Page 1 of 1

XSLT transformation as batch operation - performance

Posted: Fri Jun 23, 2017 10:59 pm
by michaelmh
Hi all,

I have read the topics in the thread "XSLT in batch" and I was glad to learn something about XML Refactoring.

We are building some DTD migration XSLT which ultimately must be applied to thousands of XML documents distributed into a folder structure. So, right-clicking the folder and the Transform > Transform with command is an easy solution – at least for testing the XSLT on a certain number of files. (BTW, we can not use {$cf} as a target, because we need all files intact for access during the processing of later files.)

I am somewhat not satisfied with the performance of this batch transformation. As I am under the impression that Oxygen parses the XSLT new for every file found. Is that correct?

Are there ways to cache the parsed XSLT?
Or, are there ways using Saxon EE to create and execute an SEF file?
Or, do you have other suggestion for increasing batch performance? (Apart from making sure the XSLT is well-written.)

Before I have one of our developers write a simple transformation runner Java application, I am wondering if I already get the maximum performance from Oxygen or if there are options to enhance this. We would not blame OxygenXML if this use case is not supported, I just don't want to miss a feature. There is so much to learn…

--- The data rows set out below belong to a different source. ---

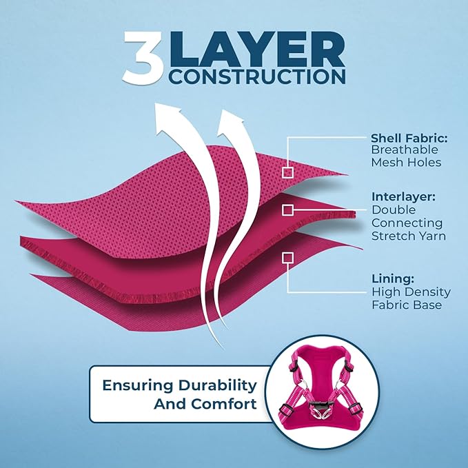 • REFLECTIVE WEBBING: 3M Scotchlite reflective material on the straps of this dog harness enhance your dog’s visibility during those early morning and late evening strolls.
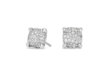 Rhodium Plated CZ Studded Square Shape Stud Earring, with 10 MM High Polish Finish, set in 14 KT, weighing approx 4.20 grams
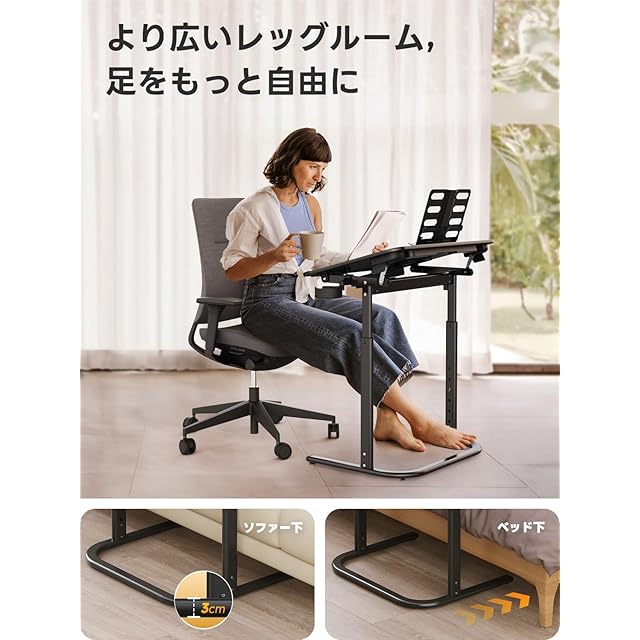 【優れた安定性】従来のサイドテーブルの問題点を改善して、本製品は天板の厚みとスチールフレームの厚みを増加することによって、安定性、強度及び耐久性が強化され、従来のサイドテーブルより頑丈になっています。コ字型のデザインにより、ソファやベッドの下のスペースに入れ、揺れることがなく快適にノートパソコンなどを使用できます。
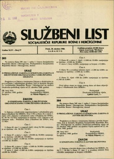 Založnik(i):Službeni list SR BiH, Sarajevo
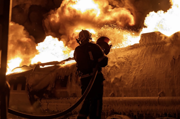 У Дніпровському районі внаслідок падіння уламків БпЛА виникла пожежа у гаражному кооперативі. Також палав бензовоз на стоянці. Внаслідок падіння уламків вибиті вікна у багатоквартирному житловому будинку.
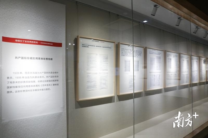展品中还有一批共产国际珍藏的周恩来珍贵档案。1928年,周恩来当选为共产国际执委会候补委员,1935年当选为执委会委员。共产国际保存了周恩来的珍贵历史档案,收藏档案的俄罗斯国家档案馆按规定仅向周恩来亲属和《百年恩来》摄制组提供。
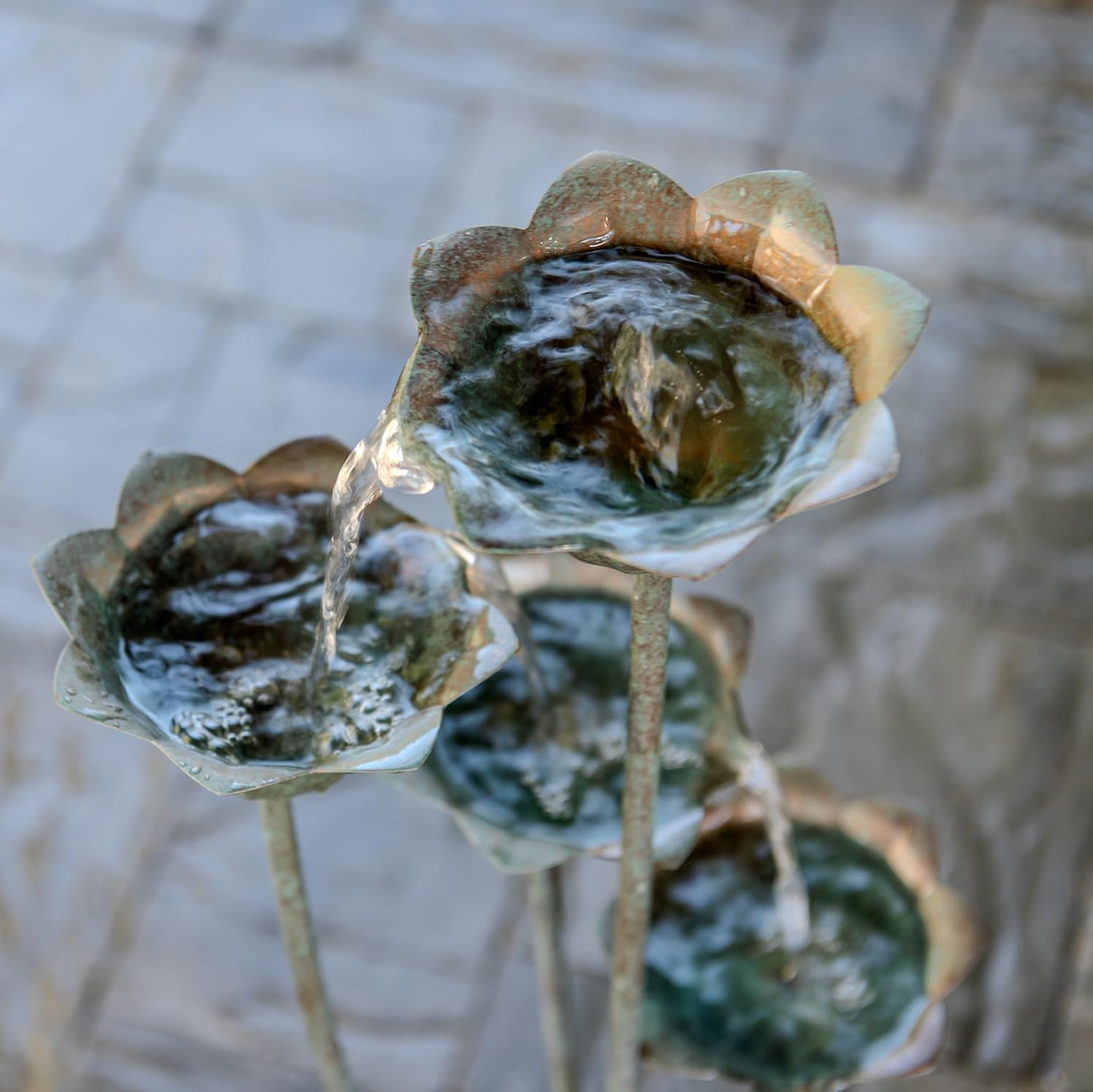- FLOWER CASCADING DESIGN: Elevate your outdoor space with XBrand's freestanding multi-tiered flower fountain, standing an impressive 35 inches tall. This waterfall fountain showcases a stunning cascading design with multiple flowers creating a seamless cascading waterfall . Its elegant structure not only serves as an eye-catching outdoor water feature but also adds tranquility to your environment.
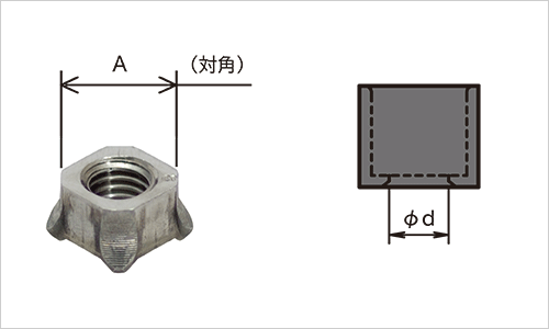※例えば、A寸法が9㎜の場合、ΦdはΦ10となります。
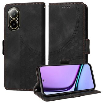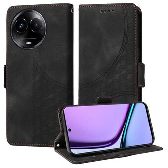 For Realme 12 Lite 4G Global Embossed Rhombus Starry Leather Phone Case(Black)
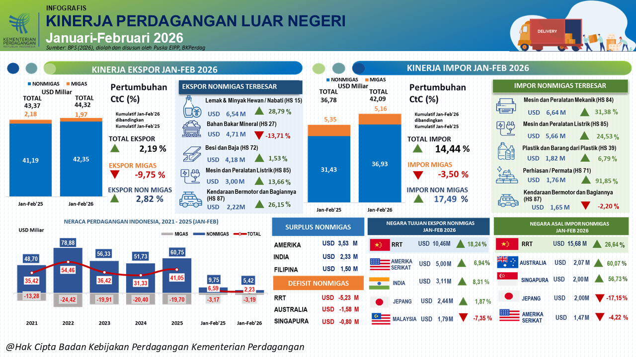 Kinerja Ekspor Impor Indonesia Periode Januari-Februari 2026. Kinerja Ekspor Impor Indonesia Periode Januari-Februari 2026
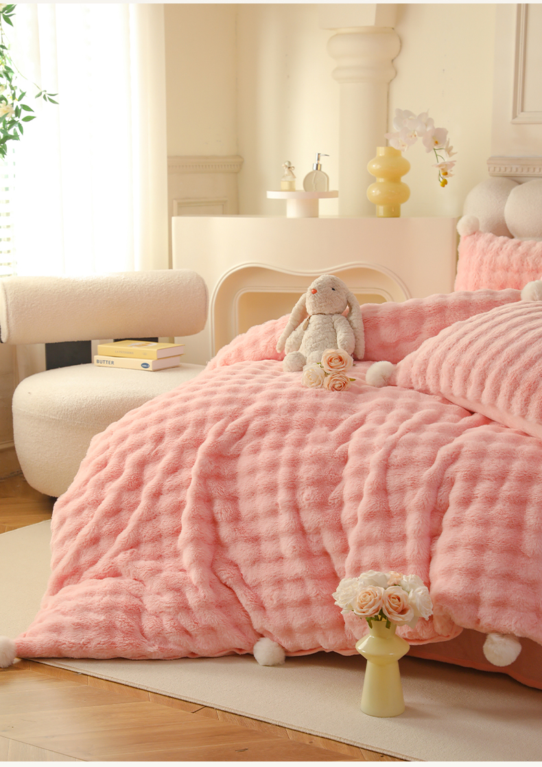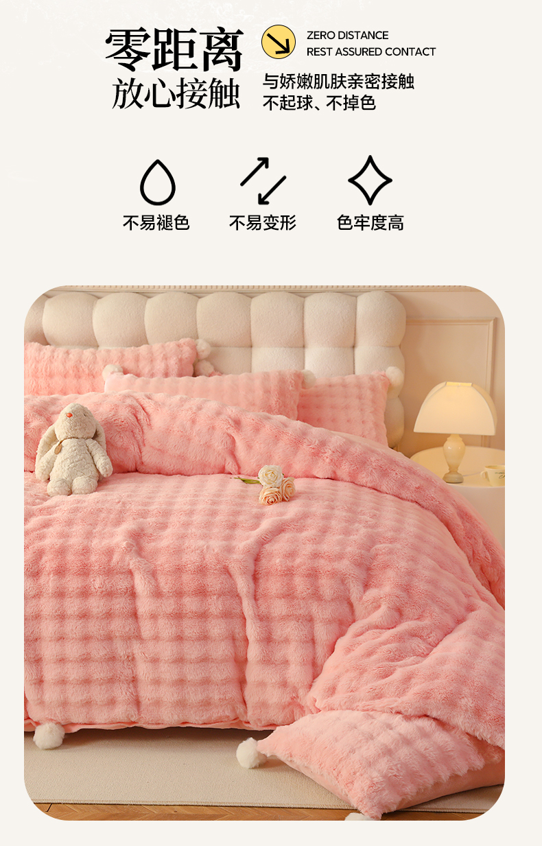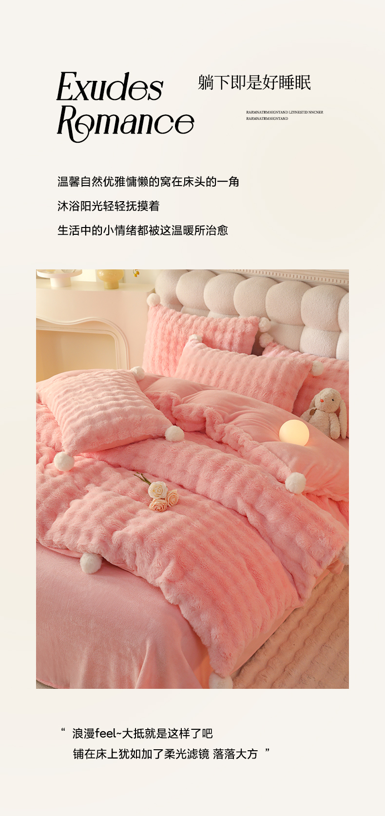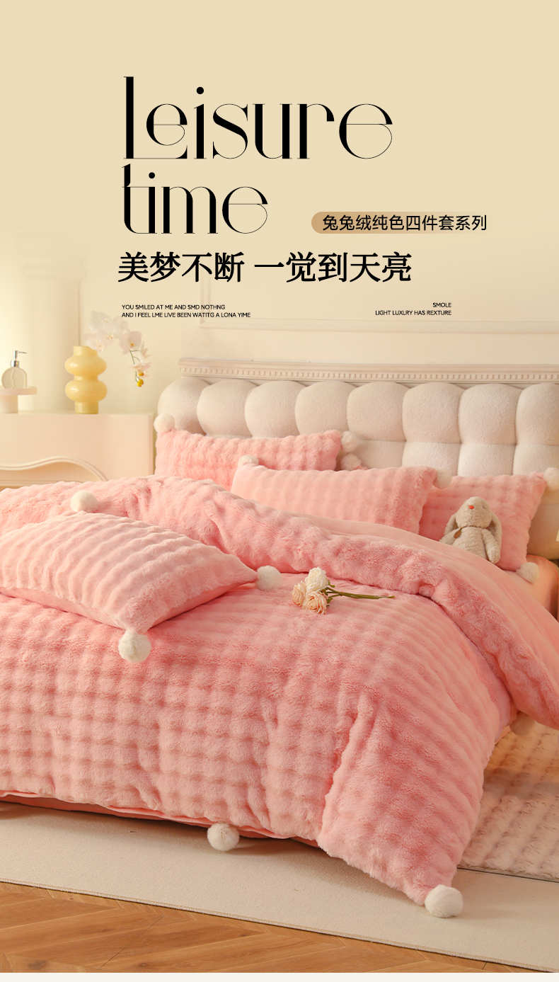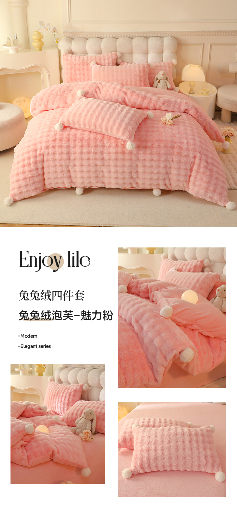 当前位置: 91家纺网 > 商品网购 > 床品套件 > 四件套 > 兔毛绒四件套 > 逸尚阁 2024新款兔兔绒纯色泡泡毛球四件套 兔兔绒泡芙-魅力粉
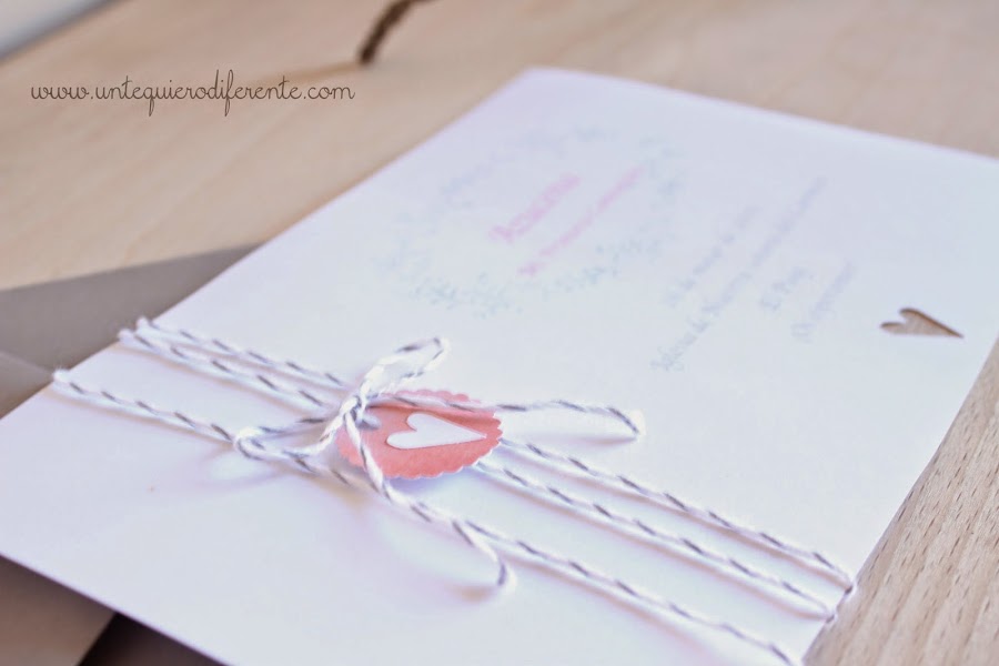 Es una invitación sencilla en papel kraft blanco. Los colores que combinan son gris claro y coral. Haciendo juego con el cordel en gris y blanco y la etiqueta troquelada en coral.
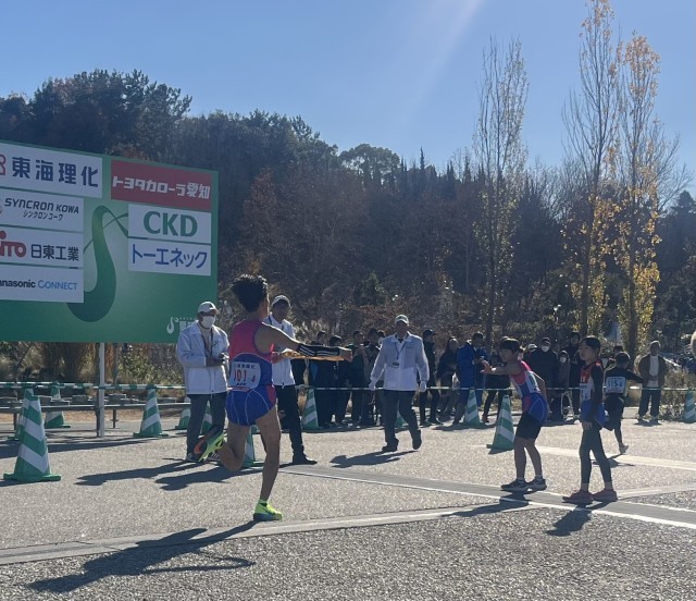 12月6日、とても天気のよい美しい青空の下、「第18回愛知駅伝〜愛・地球博20周年記念〜」がモリコロパークで行われ、東郷町のチームに春中生も代表として出場しました。
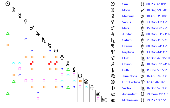 Moon | 18 Sagittarius 51 | 16 Scorpio 55 | 0 Aries 27 |
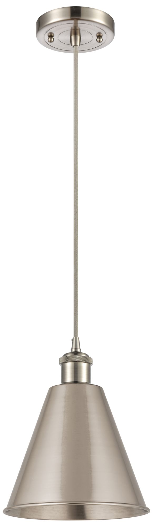 Ballston Cone 8"W Brushed Satin Nickel Corded Mini Pendant w/ 8"
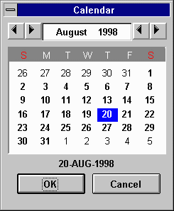 invokes the Electronic Calendar. A date selected in this Calendar is inserted
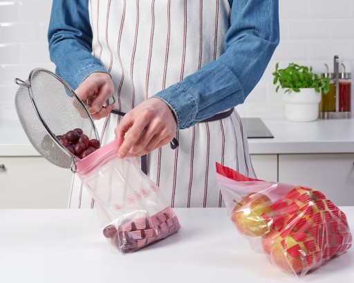 Można zamykać i otwierać bez końca, dzięki czemu torebki nadają się do wielokrotnego użytku.Woreczki ISTAD mają podwójne zamknięcie, które dłużej utrzymuje zawartość świeżą - a nawet pozwala szczelnie przechowywać płyny.
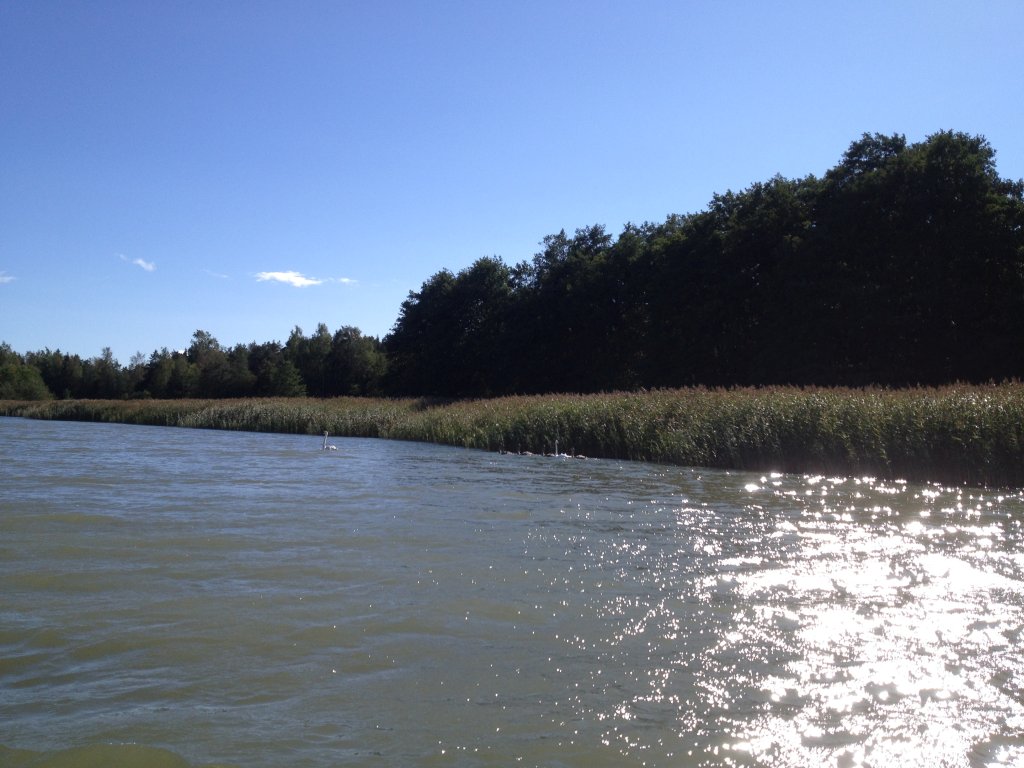 Während wir so Gedanken versunken vor uns hinpaddeln und fachsimpeln und rechnen, merken wir gar nicht wie wir dem Westufer des Böleviken bei Holmen immer näher kommen. Das Ufer ist komplett mit Schilf bewuchert und plötzlich begenet uns ein ziemlich agressiver Schwan. Während wir noch so denken „was hat der denn?“ sehen wir auch gleich den Grund für seine Agression. Scheinbar will er nur seine Familie schützen, die kurze Zeit später aus dem Schilf auftaucht. Wir verstehen, und entfernen uns sofort kleinlaut vom Ufer und gehen auf Abstand. Der Schwan begleitet uns noch eine ganze Weile und ist ziemlich laut, wir behalten ihn im Blick und irgendwann dreht er zum Glück ab.
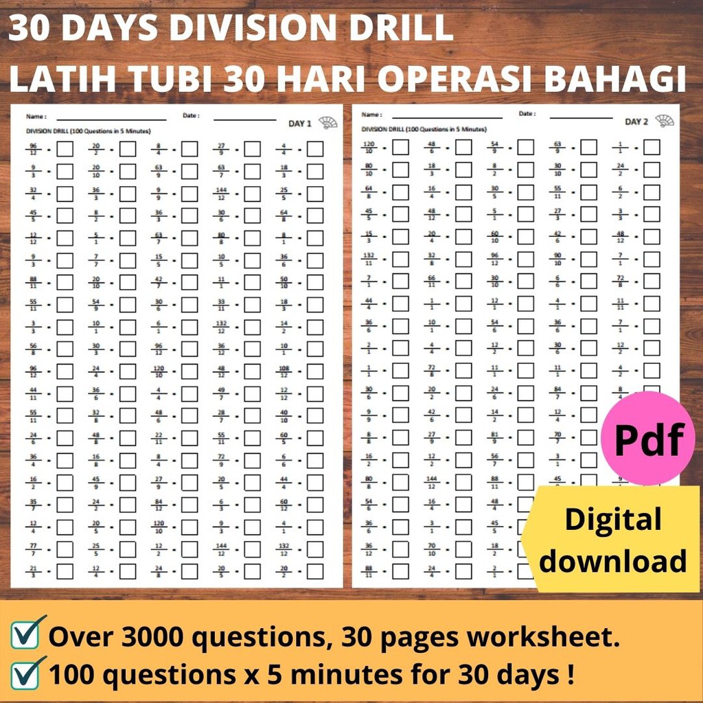 Printables Math Workbook Buku Matematik Latih Tubi Drill Operasi Bahagi Division Worksheet Year 1 2 3 Softcopy Pdf File Shopee Malaysia
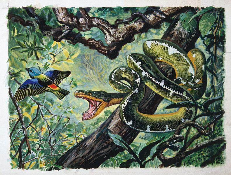 Presente in tutta la parte settentrionale dell’America Meridionale, il boa smeraldino deve il nome al suo spiccato colore verde smeraldo, che gli consente di mimetizzarsi sugli alberi delle foreste pluviali, dove abitualmente vive. Il corpo, che presenta macchie bianche sul dorso e una coloritura giallastra sul ventre, è compresso lateralmente; la testa è allungata e ben delimitata rispetto al collo; gli occhi sono piuttosto grandi. I denti, estremamente lunghi nella parte anteriore delle mascelle, si accorciano progressivamente nella parte posteriore. La coda, abbastanza breve, è prensile e dotata di notevole forza. Il boa smeraldino si nutre prevalentemente di uccelli, ma anche di piccoli mammiferi. È ovoviviparo e la femmina dà alla luce fino a 20 piccoli.
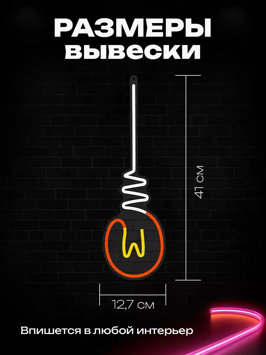 Вывеска из неона 2.0 в виде лампочки — это стильный и функциональный элемент декора, который подойдёт для любого помещения. Она выполнена из высококачественных материалов и обеспечивает яркое и равномерное свечение, создавая уютную атмосферу. Благодаря компактным размерам и простому монтажу, установка вывески не займёт много времени и сил.

Thanks a lot for your time,

- Michael

Re: XSLT transformation as batch operation - performance

Posted: Mon Jun 26, 2017 9:10 am
by Radu
Hi Michael,

Indeed Oxygen does not reuse the parsed XSLT stylesheet between transformations. So the XSLT is parsed and compiled each time. We had some plans to reuse the parsed XSLT and I will try to increase the internal issue's priority based on your feedback.
About this remark:
Or, do you have other suggestion for increasing batch performance? (Apart from making sure the XSLT is well-written.)
Maybe your XSLT could read itself the XML documents from the folder using the XSLT 2.0 "collection" function and then use the "result-document" functionality to process and write them to disk. So the XSLT itself would do the batch processing operation.
Or indeed compile the XSLT to an "SEF" file (in Oxygen 19.0 you can find a specific action for this in the Tools menu).
And you can use the "sef" file as the "XSLT" file in the transformation scenario dialog, it should work when transforming with Saxon PE or EE. I'm not sure about the performance increase but you could try this.
Or you could try to create an ANT build file and use the <xslt> task to convert each of the XML documents:

https://ant.apache.org/manual/Tasks/style.html

From what I remember the <xslt> task by default reuses the XSLT transformer between runs.

Regards,
Radu